To identify children born during the study, researchers probabilistically matched mothers to births recorded in vital records, using social security number, birth date, name, and Medicaid ID.
How was program enrollment modified for the study?
NFP had a decentralized method of identifying participants for their program prior to the study. Once patients were identified, nurses would enroll them as part of the first home visit. Under this system, the program served about 600 women per year.
Alongside the randomized evaluation, the NFP program was scaled up to serve an average of 1,200 people per year, compared to 600 people served prior to the study. Extra personnel were hired to conduct outreach to new eligible participants.
Although the randomized evaluation coincided with an expansion of the program and the hiring of new staff, including an outreach team, NFP leadership requested that the nurse home visitors who make home visits be the ones conducting study enrollment. Therefore, nurses provided on-the-spot randomization and informed participants about their study group. NFP and local implementing partners believed their nurses were better equipped to work with the study population rather than external surveyors, as nurses who deliver the program are well-trained in working with low-income, first-time mothers from the local communities. They also believed that shifting the recruitment model to a centralized process with enrollment specialists was infeasible given the scale of the study and the program.
The study’s informed consent process was incorporated into the pre-existing program recruitment and consent process, therefore participants received both program and study information at the same time. This allowed the study team to ensure participants also received clear information about the program.
When did random assignment occur and why?
Random assignment was conducted on-the-spot, after participants consented to the study and completed the baseline survey. The survey software, SurveyCTO, automatically assigned participants to either an intervention or comparison group. Two-thirds of the sample was randomly allocated to receive the treatment intervention and one-third to the comparison group.
As in Health Care Hotspotting, consent prior to randomization guaranteed that there was balance between intervention and comparison groups as both would have received the same information and would be equally likely to consent to be part of the study. On-the-spot randomization also maximized statistical power, as only those who consented to participate were randomized, instead of randomizing and then approaching participants — who may decline to participate. Although withdrawal after randomization could still occur, for those in the intervention group, nurses were able to immediately conduct the first home visit, so this strategy helped improve take-up of the intervention.
Who conducted enrollment?
Nurse home visitors conducted enrollment and randomization with support from a recruitment support specialist (a research associate) at J-PAL North America. This involved investment from the research team to dedicate sufficient staff capacity to train and support nurses during the four years in which enrollment took place. The research associate was responsible for training nurses on study protocols, providing remote and in-person field support, monitoring survey recordings for quality and compliance checks, managing gift cards and study tablets, and maintaining morale and building relationships with nurses.

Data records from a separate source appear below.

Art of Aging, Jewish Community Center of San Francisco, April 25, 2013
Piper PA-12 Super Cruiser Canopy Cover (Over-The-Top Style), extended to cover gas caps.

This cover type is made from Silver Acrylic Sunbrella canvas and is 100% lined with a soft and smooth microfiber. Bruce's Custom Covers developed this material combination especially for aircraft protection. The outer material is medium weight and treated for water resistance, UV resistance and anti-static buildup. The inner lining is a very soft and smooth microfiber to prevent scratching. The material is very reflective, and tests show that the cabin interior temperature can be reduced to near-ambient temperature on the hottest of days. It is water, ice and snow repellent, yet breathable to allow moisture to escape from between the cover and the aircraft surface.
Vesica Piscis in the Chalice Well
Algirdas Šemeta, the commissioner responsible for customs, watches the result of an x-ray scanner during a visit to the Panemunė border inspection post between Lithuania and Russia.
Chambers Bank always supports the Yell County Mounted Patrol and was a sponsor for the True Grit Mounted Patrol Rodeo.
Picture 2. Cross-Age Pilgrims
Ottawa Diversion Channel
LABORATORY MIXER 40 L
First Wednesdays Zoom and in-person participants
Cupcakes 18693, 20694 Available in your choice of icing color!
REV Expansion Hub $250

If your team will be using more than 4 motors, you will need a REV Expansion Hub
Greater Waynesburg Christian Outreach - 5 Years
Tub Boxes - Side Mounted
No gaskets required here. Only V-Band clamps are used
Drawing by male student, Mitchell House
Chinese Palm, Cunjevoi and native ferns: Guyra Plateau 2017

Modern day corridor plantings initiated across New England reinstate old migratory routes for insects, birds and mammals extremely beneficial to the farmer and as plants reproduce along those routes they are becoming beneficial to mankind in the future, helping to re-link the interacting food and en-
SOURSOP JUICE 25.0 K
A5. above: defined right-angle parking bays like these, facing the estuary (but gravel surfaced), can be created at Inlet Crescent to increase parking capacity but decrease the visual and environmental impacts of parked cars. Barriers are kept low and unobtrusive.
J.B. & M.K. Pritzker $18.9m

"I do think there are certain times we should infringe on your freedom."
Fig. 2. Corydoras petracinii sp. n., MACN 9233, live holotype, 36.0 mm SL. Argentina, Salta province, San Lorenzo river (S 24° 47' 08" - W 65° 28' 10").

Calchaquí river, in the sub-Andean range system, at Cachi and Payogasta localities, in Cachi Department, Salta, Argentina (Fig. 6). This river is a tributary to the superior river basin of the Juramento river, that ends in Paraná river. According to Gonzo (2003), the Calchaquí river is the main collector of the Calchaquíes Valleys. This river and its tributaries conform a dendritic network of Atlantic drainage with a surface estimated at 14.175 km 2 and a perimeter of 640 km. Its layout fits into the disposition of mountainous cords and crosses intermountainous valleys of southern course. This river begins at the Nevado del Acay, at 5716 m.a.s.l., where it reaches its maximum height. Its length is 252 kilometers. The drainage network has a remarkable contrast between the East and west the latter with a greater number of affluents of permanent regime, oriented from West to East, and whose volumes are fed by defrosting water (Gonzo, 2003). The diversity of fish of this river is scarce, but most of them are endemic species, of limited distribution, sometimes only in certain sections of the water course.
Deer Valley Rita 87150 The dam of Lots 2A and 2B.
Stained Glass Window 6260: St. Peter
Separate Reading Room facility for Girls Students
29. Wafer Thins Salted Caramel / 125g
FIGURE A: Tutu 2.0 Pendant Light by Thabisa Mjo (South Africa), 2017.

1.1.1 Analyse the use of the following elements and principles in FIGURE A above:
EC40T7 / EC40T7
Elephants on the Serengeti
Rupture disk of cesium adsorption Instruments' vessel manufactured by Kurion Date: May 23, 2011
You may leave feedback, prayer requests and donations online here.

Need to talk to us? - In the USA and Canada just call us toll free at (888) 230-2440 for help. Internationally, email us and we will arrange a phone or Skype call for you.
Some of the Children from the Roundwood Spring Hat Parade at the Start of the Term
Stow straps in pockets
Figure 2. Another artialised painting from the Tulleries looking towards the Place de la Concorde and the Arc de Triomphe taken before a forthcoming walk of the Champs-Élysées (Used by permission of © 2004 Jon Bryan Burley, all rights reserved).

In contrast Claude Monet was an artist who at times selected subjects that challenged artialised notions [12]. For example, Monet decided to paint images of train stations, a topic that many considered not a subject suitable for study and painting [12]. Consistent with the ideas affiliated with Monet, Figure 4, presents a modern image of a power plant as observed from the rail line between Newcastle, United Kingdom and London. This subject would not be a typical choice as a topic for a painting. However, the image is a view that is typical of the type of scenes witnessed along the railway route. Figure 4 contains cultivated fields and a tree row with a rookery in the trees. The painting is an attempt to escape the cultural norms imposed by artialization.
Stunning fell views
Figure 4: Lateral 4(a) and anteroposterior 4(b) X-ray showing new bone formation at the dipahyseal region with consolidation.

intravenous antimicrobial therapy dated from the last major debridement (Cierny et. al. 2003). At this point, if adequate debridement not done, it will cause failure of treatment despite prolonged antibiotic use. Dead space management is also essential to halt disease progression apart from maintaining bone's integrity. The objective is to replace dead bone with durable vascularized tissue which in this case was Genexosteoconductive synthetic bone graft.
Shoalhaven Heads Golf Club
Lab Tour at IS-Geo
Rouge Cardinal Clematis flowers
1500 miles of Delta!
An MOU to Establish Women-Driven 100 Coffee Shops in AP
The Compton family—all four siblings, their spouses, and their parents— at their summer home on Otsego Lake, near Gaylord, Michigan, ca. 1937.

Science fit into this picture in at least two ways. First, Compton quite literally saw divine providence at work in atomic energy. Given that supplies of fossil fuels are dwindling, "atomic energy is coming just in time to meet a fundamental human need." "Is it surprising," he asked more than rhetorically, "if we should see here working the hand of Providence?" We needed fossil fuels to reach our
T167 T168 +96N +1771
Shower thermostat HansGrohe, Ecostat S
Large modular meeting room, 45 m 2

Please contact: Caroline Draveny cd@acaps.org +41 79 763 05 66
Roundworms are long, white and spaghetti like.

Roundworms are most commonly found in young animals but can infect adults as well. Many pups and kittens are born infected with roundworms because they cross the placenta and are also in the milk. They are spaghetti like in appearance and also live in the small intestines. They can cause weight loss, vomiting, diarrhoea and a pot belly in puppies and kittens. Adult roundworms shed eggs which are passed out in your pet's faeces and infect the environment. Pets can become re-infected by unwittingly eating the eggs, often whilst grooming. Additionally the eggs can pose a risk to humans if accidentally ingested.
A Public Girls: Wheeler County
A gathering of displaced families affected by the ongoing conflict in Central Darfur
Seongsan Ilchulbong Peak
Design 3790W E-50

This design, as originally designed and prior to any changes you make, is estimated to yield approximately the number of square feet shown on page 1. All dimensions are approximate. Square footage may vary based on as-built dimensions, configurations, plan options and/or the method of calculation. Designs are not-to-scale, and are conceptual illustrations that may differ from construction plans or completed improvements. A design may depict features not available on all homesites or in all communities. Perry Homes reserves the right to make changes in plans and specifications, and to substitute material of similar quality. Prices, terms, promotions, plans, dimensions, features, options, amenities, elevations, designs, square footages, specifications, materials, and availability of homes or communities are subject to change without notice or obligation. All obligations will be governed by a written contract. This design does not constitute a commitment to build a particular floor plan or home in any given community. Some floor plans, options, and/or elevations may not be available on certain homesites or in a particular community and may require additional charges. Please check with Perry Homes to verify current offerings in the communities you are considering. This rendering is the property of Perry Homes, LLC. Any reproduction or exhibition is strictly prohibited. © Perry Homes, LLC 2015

Nurses invested in learning how to be survey enumerators in addition to delivering high-quality nursing care. The research team trained all nurses on how to recruit, assess eligibility, deliver informed consent, randomize patients into intervention and comparison groups, and deliver the baseline survey using SurveyCTO software on a tablet. All nurses had to complete this training before they could enroll patients. The research team went to South Carolina before the start of the study and conducted a two-day in-person training to practice obtaining informed consent and using tablets to administer the baseline survey. Yearly refresher trainings were offered.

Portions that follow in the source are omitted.